For decades, the standard options for hair loss have been finasteride, minoxidil, and surgery. None of them regrow hair from follicles that have already gone dormant. PP405 is designed to reactivate dormant hair follicle stem cells, offering a potential first-in-class approach for both men and women experiencing hair loss.
PP405 takes a different approach from current hair loss treatments, which mostly focus on secondary causes like hormones. Instead, it targets the primary biological pathway that controls the natural hair growth cycle.
What sets PP405 apart from existing treatments:
- Hair growth started from follicles where no hair was previously present, which existing drugs cannot achieve.
- Visible results appeared within eight weeks, compared to the 6 to 12 months of continuous therapy typically required with current treatments.
- The drug was specifically engineered for maximum penetration into the skin with minimal blood absorption, with no detectable drug levels in the blood confirmed across all patients.
How PP405 Works: The Mitochondrial Metabolic Switch Behind Hair Regrowth
The science behind PP405 is grounded in cell metabolism rather than hormonal interference.
The drug is an inhibitor of MPC, the mitochondrial pyruvate carrier. It is a membrane transporter on mitochondria that is able to shift the aerobic and anaerobic metabolism of the cell. In plain terms, it flips a metabolic switch inside hair follicle stem cells that has been stuck in the off position.
In Phase 1 trials, PP405 demonstrated statistically significant activation of Ki-67 in the hair follicle after just seven days of treatment compared to baseline. The architecture of the hair follicles was observed shifting from the resting telogen phase into the anagen growing phase, visible through changes in follicle structure on biopsy.

Key biological mechanisms confirmed in clinical testing:
- PP405 demonstrates statistically significant activation of Ki-67 in the hair follicle, a well-established marker of stem cell activity.
- MPC inhibition increases the follicle's reliance on glycolytic pathways, reactivating dormant stem cells.
- The treatment activates dormant hair follicle stem cells, restoring the natural regenerative capacity of the follicle and activating new hair growth in previously bald areas.
Phase 2a Results, $120 Million in Funding, and the Road to Phase 3 in 2026
Pelage Pharmaceuticals raised $120 million in Series B financing co-led by ARCH Venture Partners and GV (Google Ventures), with participation from existing investors including Main Street Advisors, Visionary Ventures, and YK Bioventures.
The Phase 2a trial results that triggered that funding round were notable:
- At week eight, 31% of men with a higher degree of hair loss treated with PP405 experienced a greater than 20% increase in hair density, compared to 0% in the placebo group.

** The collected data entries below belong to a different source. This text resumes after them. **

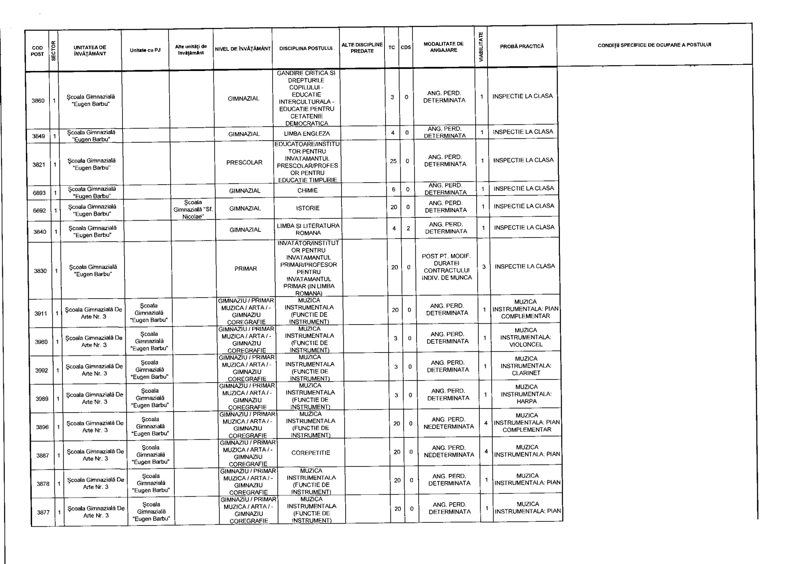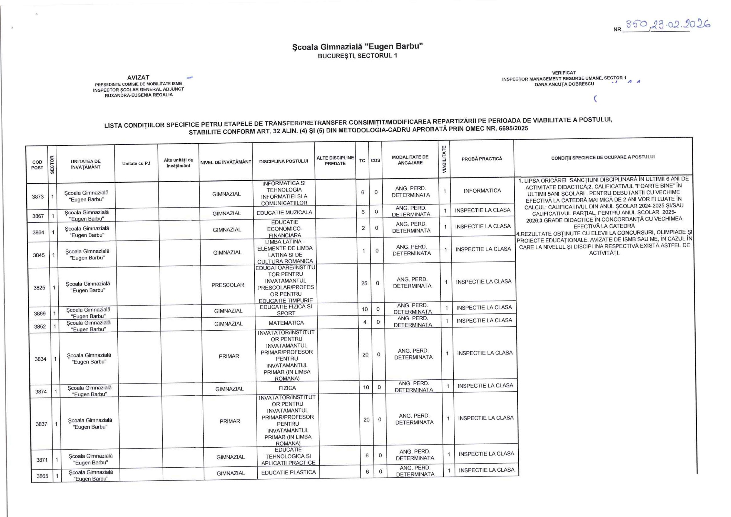 LISTA CONDIȚIILOR SPECIFICE PETRU ETAPELE DE TRANSFER/PRETRANSFER CONSIMITIT/MODIFICAREA REPARTIZARII PE PERIOADA DE VIABILITATE A POSTULUI, STABILITE CONFORM ART. 32 ALIN. (4) $I (5) DIN METODOLOGIA-CADRU APROBATA PRIN OMEC NR. 6695/2025.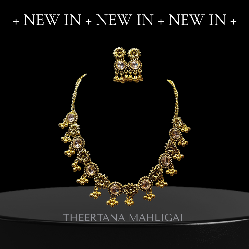Anglo Indian Flower Multi Color Stone Chain + Earrings
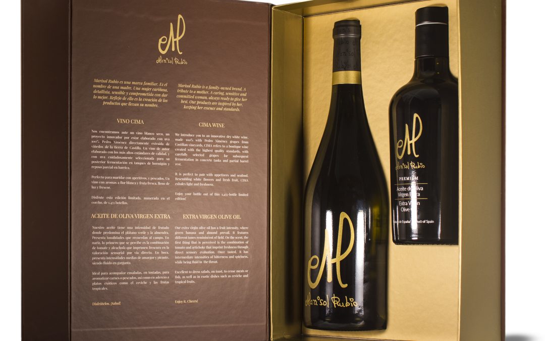 La imagen de esta bodega es el nombre, y firma auténtica, de Marisol Rubio, serigrafiados con un color dorado en botella, tanto en su vino como en su aceite de oliva virgen extra.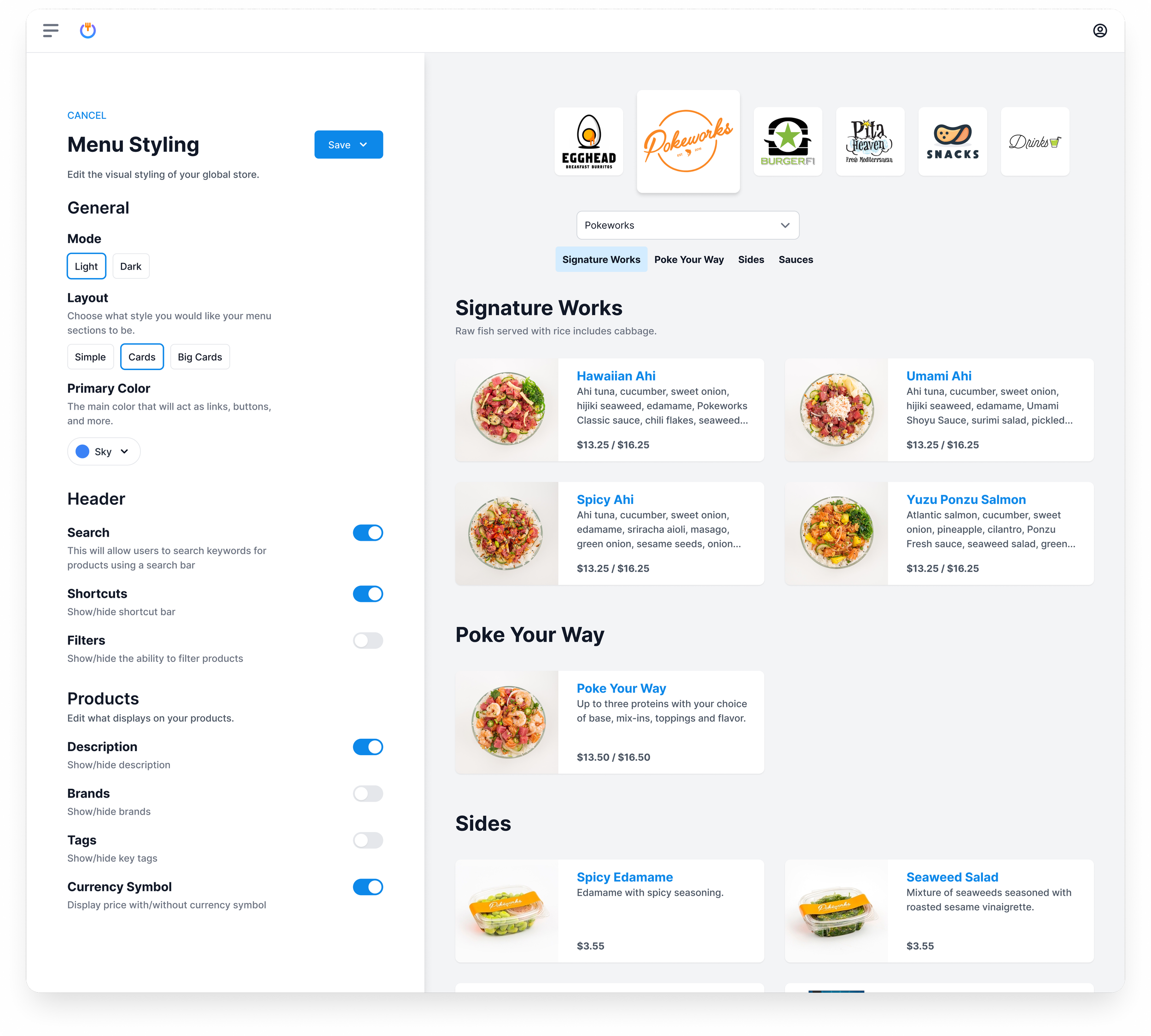 The challenge with our menu builder was to enable wide flexibility but maintain core consistent concepts. Building a menu can be complex, but by utilizing simple and widely used UI concepts, building any kind of menu becomes easy and incremental.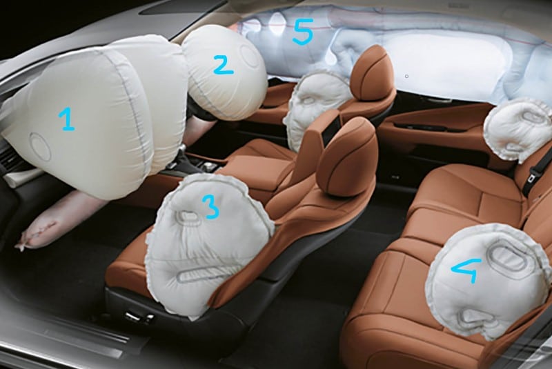 Túi khí được lắp đặt kín đáo ở nhiều vị trí trong khoang xe, như bên hông, phía trước và trên rèm cửa. Cụ thể, túi khí sẽ bao gồm túi khí hông, túi khí rèm và túi khí kết hợp, giúp bảo vệ cơ thể người ngồi bằng cách giảm lực tác động lên đầu và ngực.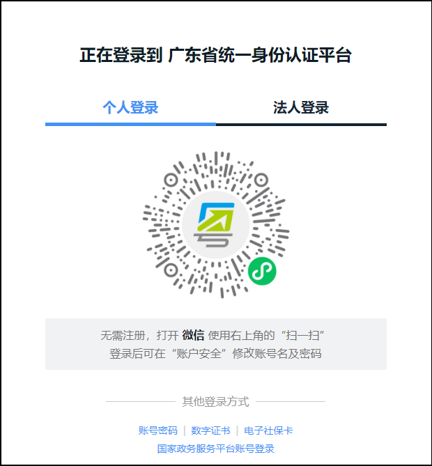 (六)按照系统提示登录“广东省统一身份认证平台”。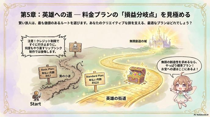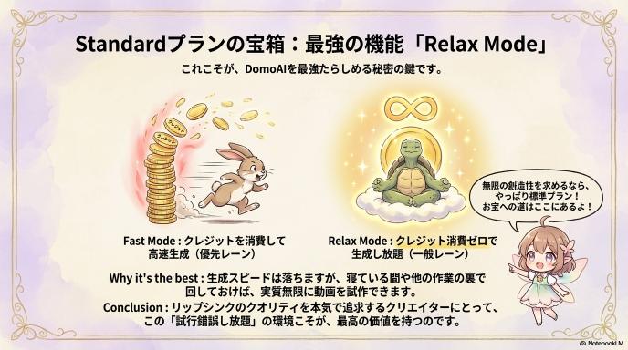 この一連のフローを使いこなせば、個人でもアニメスタジオ並みのコンテンツを生み出せる時代です。まずはStandardプランのRelax Modeで、納得いくまで「あなたのキャラクター」と対話してみてはいかがでしょうか。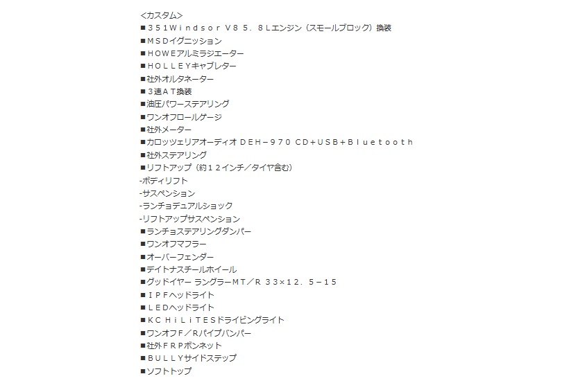 初代SUVとも称されるフォード ブロンコが入庫致しました。本車両はV8・5.8L 351ウィンザーエンジンへ換装されており、スムーズな吹け上がりと迫力あるエキゾーストサウンドが魅力の一台です。3速ATとの組み合わせにより、クラシックカーとは思えないパワフルかつ滑らかな走行性能を実現しています。エクステリアはパイプバンパーやリフトアップを施したワイルドな仕様で、存在感も抜群。59年という長い年月を経た車両ではありますが、現在でもパーツメーカーや専門ショップが多数存在し、補修・メンテナンスパーツも豊富に揃うため、旧車でありながら安心してお乗りいただける環境が整っています。唯一無二の存在感を放つアメリカンクラシックSUV。ぜひこの機会にご検討ください。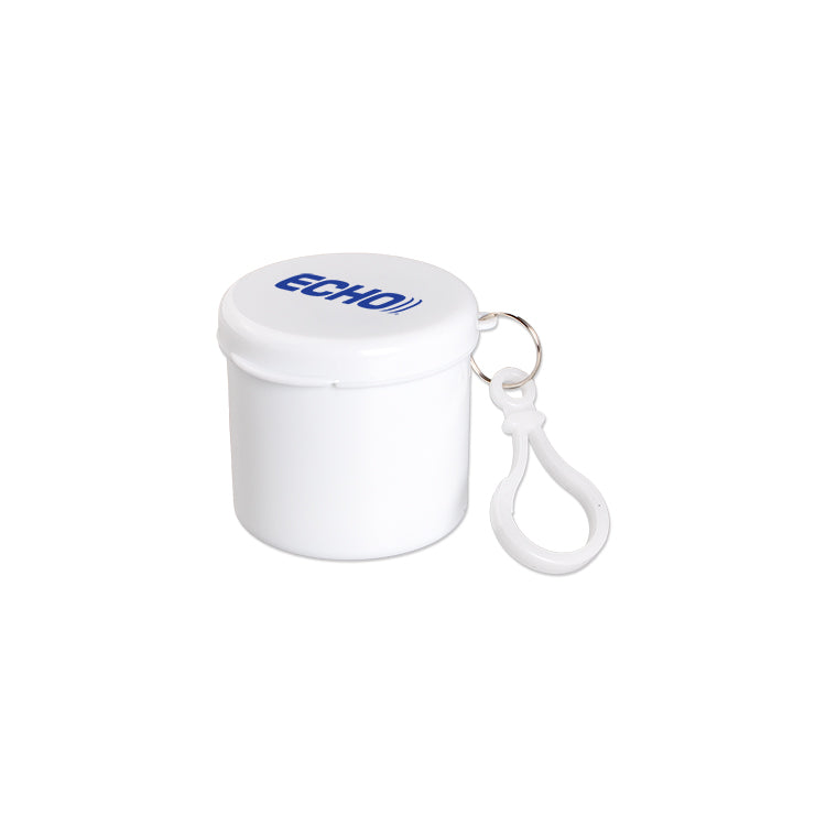 Be prepared for the weather with our rain poncho keychain. Poncho folds to fit in 2" x 2" case with plastic keychain clip. Add your logo to the case and have your logo stand out whenever the weather strikes! Poncho fits most adults. Available in blue and white. One location imprint only.

- PP405 demonstrated the ability to induce new hair growth from follicles where no hair was previously present, offering early validation of its regenerative potential.
- The Phase 2a trial reported no detectable systemic absorption in blood on pharmacokinetic testing.
Pelage expects to initiate late-stage studies in 2026, designed to further evaluate the safety and efficacy of PP405 in patients with androgenetic alopecia. As for when patients could actually access it, even with a smooth Phase 3, regulatory review and manufacturing scale-up typically mean availability is still measured in years, with PP405 unlikely to reach the market before 2028 or 2029.